I built an AI tutor that fits on one screen
doceo is an open-source AI tutor built as a Claude Code skill. It turns any topic, file, or URL into a one-screen visual lesson, calibrated to what you already know. A NotebookLM alternative for learn
TL;DR
Ask AI to explain something and you get a wall of text you have to re-read three times.
I built doceo, an open-source Claude Code skill that turns any topic, file, folder, or URL into a one-screen visual lesson: one answer, one diagram, one analogy, a quiz.
It runs locally, remembers what you already know, and gets sharper after every lesson.
doceo is a free, open-source Claude Code skill that turns any topic, file, or URL into a one-screen visual lesson: one plain answer, one diagram, one analogy, and a quick quiz. Here is why I built it.
I ask AI to explain things all day. A new codebase, a config format I have not touched in a year, a concept three layers below what I actually work on.
The answer is almost always the same shape. A wall of text. Correct, thorough, and impossible to hold in my head. I read it, I get the gist, and an hour later I could not redraw it for you.
The problem is not the model. The model knows the thing. The problem is the format. A paragraph is how you store an explanation, not how you learn one.
So I built a tool that changes the format. It is called doceo, Latin for “I teach”, and it is a Claude Code skill I open-sourced. This is what it does and why it works.
A lesson is not a paragraph
Before I wrote any code I wrote down what a lesson should actually contain. Not an article. A lesson.
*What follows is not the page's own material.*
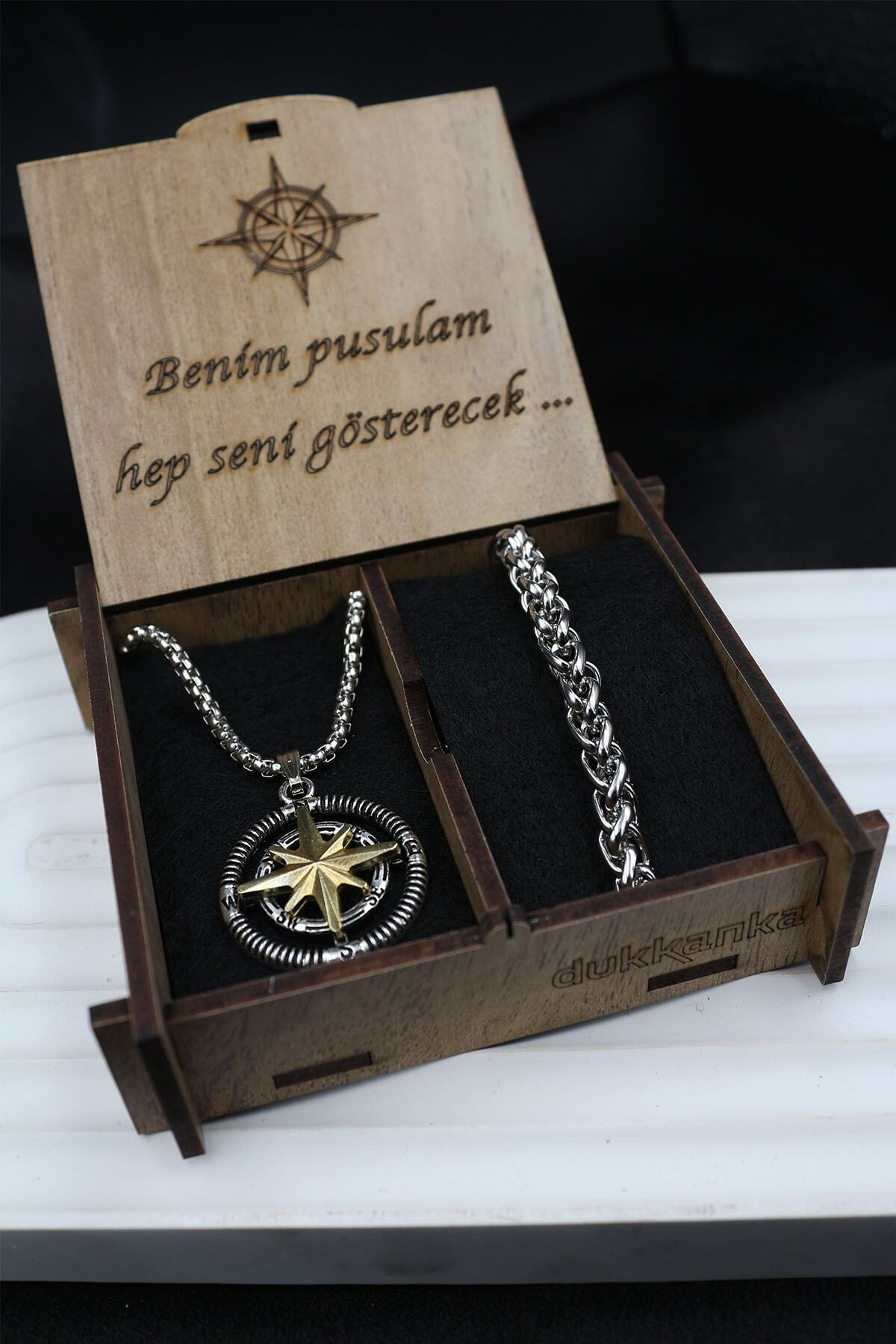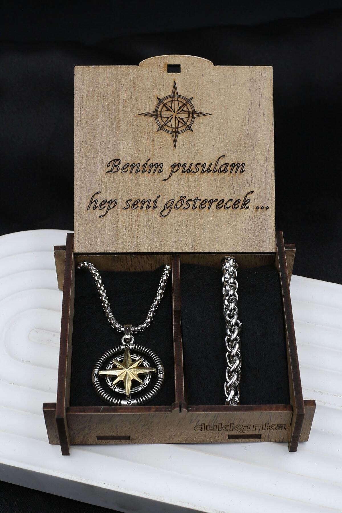 Pusula kolye ve angelus bileklikten oluşan 2'li set, hem günlük kullanım hem de özel günler için ideal

The kind a good teacher gives you at a whiteboard in five minutes.
It has a shape:
One sentence that answers the question directly, before anything else.
One diagram, because a picture holds in memory where a paragraph does not.
One analogy that maps the new thing onto something you already understand.
Where it fits, so the idea has a place to live next to what you know.
Baby steps, when the thing you asked is a task and not a concept.
A short self-quiz, because you do not know a thing until you can answer a question about it.
A couple of go-deeper links for when you want the full version.
That is the whole spec. One screen, seven parts. If it does not fit on one screen, it is not a lesson yet, it is reading.
What I built
doceo is a slash command. You type /doceo and point it at anything:
a topic (”explain vector databases”)
a file or a folder (”what does this script do”)
a URL (”teach me this docs page”)
It produces two things. A one-screen visual lesson as an HTML artifact you can open in a browser, and a plain markdown note that lands in my vault so the lesson does not evaporate when I close the tab.
It is a Claude Code skill, so there is no app to install and no account to make. It is a folder of instructions Claude reads. It is public on GitHub under MIT. I built the first version and pushed it live the same day, which matters for a reason I will get to.
This is the same pattern I have used before with obsidian-second-brain: a small, sharp skill that does one thing, lives in the open, and improves in public.
The part that matters: it remembers you
A generic explainer treats every reader as the same blank person. That is why the answers are so long. The tool has no idea what you already know, so it explains everything, just in case.
doceo keeps a local memory of who is learning. On my machine it lives in a wiki/learning/ folder: a profile of what I already understand, a running file of things I have learned, my feedback, and a style file. It reads that at the start of every lesson.
So when I ask it to explain something adjacent to what I already know, it skips the part I know and spends the screen on the part I do not. The lesson gets shorter and sharper because it is calibrated to one specific person instead of everyone.
The memory is strictly local. Each machine keeps its own. Nothing personal ever ships in the repo. What is public is the skill. What is private is what it learned about me.
It gets sharper every time you use it
Here is the decision I am most sure about. I shipped doceo before it was good.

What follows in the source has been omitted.